- Born: Dale Martin Martindale January 21, 1961 (age 65)
- Origin: Canada
- Genres: New wave
- Occupations: Singer
- Instruments: Vocalist
- Years active: 1982 - Present
- Labels: WEA Quality records

= Dale Martindale =

Dale Martindale (born January 21, 1961), is a Canadian born vocalist best known as the lead singer for the new wave band Images in Vogue. In addition to his work with Images in vogue, Martindale has had several side projects, including 69 Duster and Primary, as well as Pretty Volume and numerous solo performances under his own name.

==Career==
Martindale has been involved with many acts such as 69 Duster, Images in Vogue, Naked In The Garden, and Pretty Volume among others.

In 1986, Martindale and 16 other local artist were immortalized in a mural by artist Bill Wrigley titled "passing glances" on Toronto's Adelaide Street.

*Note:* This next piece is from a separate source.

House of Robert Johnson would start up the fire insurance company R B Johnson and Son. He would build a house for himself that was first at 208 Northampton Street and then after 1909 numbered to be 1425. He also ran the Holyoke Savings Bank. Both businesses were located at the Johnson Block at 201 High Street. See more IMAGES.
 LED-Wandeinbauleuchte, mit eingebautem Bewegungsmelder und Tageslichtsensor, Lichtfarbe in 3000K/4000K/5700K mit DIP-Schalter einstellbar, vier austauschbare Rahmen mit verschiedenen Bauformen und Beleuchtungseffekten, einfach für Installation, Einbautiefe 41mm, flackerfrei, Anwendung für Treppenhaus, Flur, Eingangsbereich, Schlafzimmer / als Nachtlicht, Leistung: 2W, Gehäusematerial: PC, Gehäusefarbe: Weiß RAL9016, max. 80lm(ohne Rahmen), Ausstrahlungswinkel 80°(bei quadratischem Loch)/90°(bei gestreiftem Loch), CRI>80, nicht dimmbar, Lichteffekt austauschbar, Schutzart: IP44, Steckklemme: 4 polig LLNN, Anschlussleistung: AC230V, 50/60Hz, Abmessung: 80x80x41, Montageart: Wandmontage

In 1986–1987, Martindale became the host of the Switchback (CBC) television show. In 1991, he and Joe Vizvary performed with Daryll Flint in a band called Primary.

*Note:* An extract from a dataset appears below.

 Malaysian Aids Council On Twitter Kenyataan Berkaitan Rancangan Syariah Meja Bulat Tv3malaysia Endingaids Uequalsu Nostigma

In 2001, Martindale teamed up with Sean Kelly, Steve Nunnaro and Jay McBride to form 69 Duster. Together they released 2 albums; Mania and Ride and continued to perform together for over 8 years.

In 2007, Martindale composed music tracks for a Sprint advertisement campaign in which his vocals are lip synched by actor Dominic Keating who portrays Ian Westbury in the fictional band Fierce Blue Ascot although Dale does not appear in the music video.

The same year Martindale also collaborated with Montreal's Ky Anto (formerly of Robin Black and the Intergalactic Rock Stars ) and Toronto's Neil Leyton on their self-titled album Pretty Volume.

Dale currently resides and works in Toronto, Ontario, with his wife Susan.